» Task description: Please return the lines below verbatim, beginning at the one that has "Elegante Boda Ombre, Blanco" and stopping after the one that has "林允身著(zhù)薄荷蛋糕裙 每一抹綠意皆向上生長(cháng)", and add no other lines.

» Material for this exercise:
----

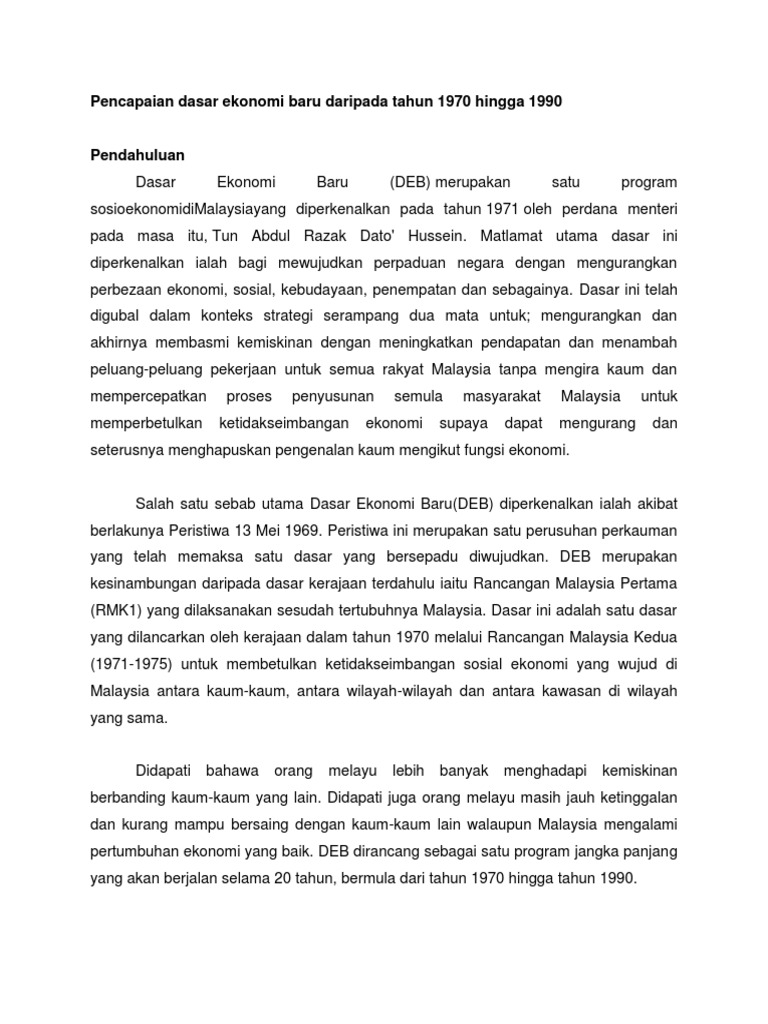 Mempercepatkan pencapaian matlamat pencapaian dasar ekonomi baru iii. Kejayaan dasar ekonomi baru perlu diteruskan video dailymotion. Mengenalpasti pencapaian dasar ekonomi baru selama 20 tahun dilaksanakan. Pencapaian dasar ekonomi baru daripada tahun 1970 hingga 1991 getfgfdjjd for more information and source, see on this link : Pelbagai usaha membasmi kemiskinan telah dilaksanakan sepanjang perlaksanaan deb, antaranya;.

----

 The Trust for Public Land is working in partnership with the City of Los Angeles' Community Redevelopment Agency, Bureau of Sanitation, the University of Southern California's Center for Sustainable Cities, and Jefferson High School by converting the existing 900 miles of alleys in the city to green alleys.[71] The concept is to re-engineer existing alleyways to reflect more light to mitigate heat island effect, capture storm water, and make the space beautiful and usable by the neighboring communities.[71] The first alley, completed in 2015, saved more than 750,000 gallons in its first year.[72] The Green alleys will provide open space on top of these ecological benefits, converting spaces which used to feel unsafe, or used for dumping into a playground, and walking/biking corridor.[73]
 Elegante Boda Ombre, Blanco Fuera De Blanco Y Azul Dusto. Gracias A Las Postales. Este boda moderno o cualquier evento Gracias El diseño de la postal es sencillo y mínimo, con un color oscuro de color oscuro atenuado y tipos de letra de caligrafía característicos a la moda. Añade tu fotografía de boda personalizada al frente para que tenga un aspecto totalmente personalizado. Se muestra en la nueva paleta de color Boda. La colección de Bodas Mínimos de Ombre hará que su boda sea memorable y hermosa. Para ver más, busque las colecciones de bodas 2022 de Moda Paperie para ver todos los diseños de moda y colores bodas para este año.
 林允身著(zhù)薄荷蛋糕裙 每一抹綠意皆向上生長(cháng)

----

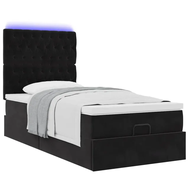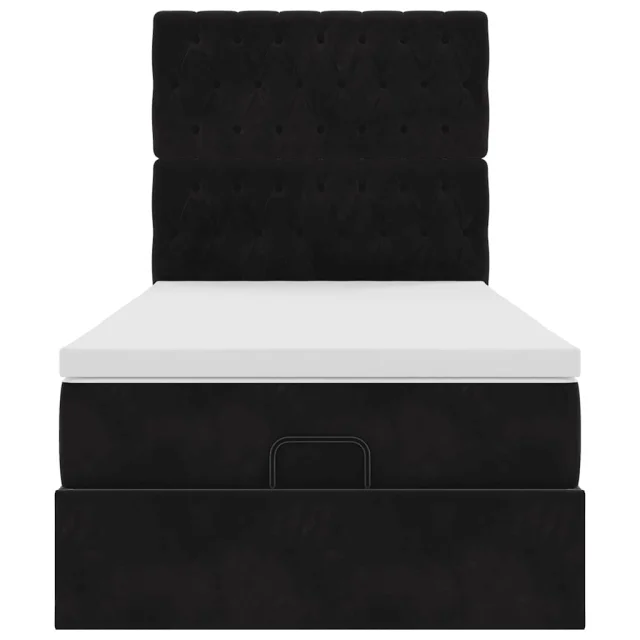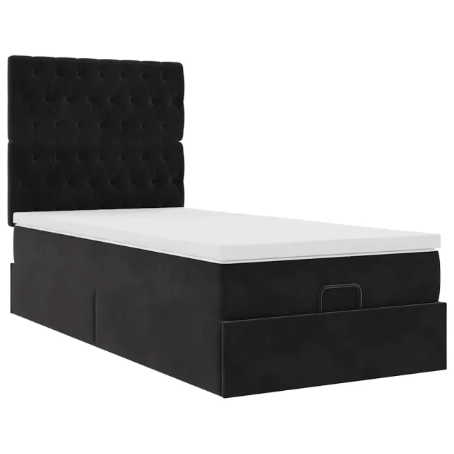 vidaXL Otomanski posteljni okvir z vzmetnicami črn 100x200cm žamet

----

» Written reply:
 Elegante Boda Ombre, Blanco Fuera De Blanco Y Azul Dusto. Gracias A Las Postales. Este boda moderno o cualquier evento Gracias El diseño de la postal es sencillo y mínimo, con un color oscuro de color oscuro atenuado y tipos de letra de caligrafía característicos a la moda. Añade tu fotografía de boda personalizada al frente para que tenga un aspecto totalmente personalizado. Se muestra en la nueva paleta de color Boda. La colección de Bodas Mínimos de Ombre hará que su boda sea memorable y hermosa. Para ver más, busque las colecciones de bodas 2022 de Moda Paperie para ver todos los diseños de moda y colores bodas para este año.
 林允身著(zhù)薄荷蛋糕裙 每一抹綠意皆向上生長(cháng)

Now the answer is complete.